▸ Excerpted data

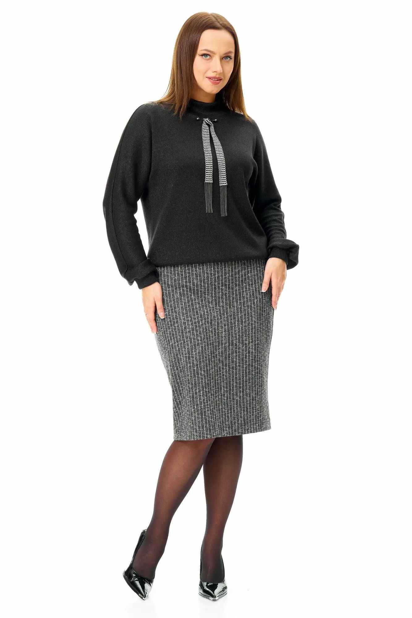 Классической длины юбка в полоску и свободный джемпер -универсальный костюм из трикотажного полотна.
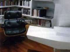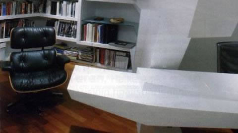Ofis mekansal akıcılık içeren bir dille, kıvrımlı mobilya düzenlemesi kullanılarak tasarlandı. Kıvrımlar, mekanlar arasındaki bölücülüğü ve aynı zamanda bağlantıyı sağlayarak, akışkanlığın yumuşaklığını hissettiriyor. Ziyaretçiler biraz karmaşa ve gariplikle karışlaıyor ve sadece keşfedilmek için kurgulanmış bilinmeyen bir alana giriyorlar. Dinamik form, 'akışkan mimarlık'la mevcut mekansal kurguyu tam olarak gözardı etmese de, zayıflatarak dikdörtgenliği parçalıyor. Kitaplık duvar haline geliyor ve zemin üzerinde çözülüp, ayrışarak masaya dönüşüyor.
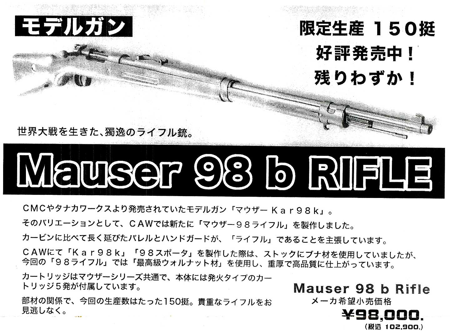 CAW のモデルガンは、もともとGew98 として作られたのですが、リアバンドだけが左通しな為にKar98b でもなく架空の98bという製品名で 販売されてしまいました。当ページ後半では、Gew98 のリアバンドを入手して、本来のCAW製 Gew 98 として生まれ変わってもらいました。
==
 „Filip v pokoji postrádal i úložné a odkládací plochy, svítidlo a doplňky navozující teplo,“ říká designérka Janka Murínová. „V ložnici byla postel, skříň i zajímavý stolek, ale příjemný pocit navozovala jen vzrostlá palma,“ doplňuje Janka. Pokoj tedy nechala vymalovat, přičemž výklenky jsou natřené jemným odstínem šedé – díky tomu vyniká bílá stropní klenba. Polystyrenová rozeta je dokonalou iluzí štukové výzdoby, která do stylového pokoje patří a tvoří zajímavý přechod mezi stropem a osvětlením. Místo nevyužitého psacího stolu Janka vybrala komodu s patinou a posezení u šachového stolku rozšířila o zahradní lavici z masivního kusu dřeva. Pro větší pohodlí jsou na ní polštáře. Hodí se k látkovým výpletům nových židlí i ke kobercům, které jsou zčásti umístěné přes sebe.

▸ Exercise prompt
Using the records above, return verbatim only the part that opens with the line containing "Классической длины юбка" and closes with the line containing "CAW のモデルガンは、もともとGew98 として作られたのですが、リアバンドだけが左通しな為にKar98b"; pictures stay out.

▸ Solution to the problem
 Классической длины юбка в полоску и свободный джемпер -универсальный костюм из трикотажного полотна.
Ofis mekansal akıcılık içeren bir dille, kıvrımlı mobilya düzenlemesi kullanılarak tasarlandı. Kıvrımlar, mekanlar arasındaki bölücülüğü ve aynı zamanda bağlantıyı sağlayarak, akışkanlığın yumuşaklığını hissettiriyor. Ziyaretçiler biraz karmaşa ve gariplikle karışlaıyor ve sadece keşfedilmek için kurgulanmış bilinmeyen bir alana giriyorlar. Dinamik form, 'akışkan mimarlık'la mevcut mekansal kurguyu tam olarak gözardı etmese de, zayıflatarak dikdörtgenliği parçalıyor. Kitaplık duvar haline geliyor ve zemin üzerinde çözülüp, ayrışarak masaya dönüşüyor.
 CAW のモデルガンは、もともとGew98 として作られたのですが、リアバンドだけが左通しな為にKar98b でもなく架空の98bという製品名で 販売されてしまいました。当ページ後半では、Gew98 のリアバンドを入手して、本来のCAW製 Gew 98 として生まれ変わってもらいました。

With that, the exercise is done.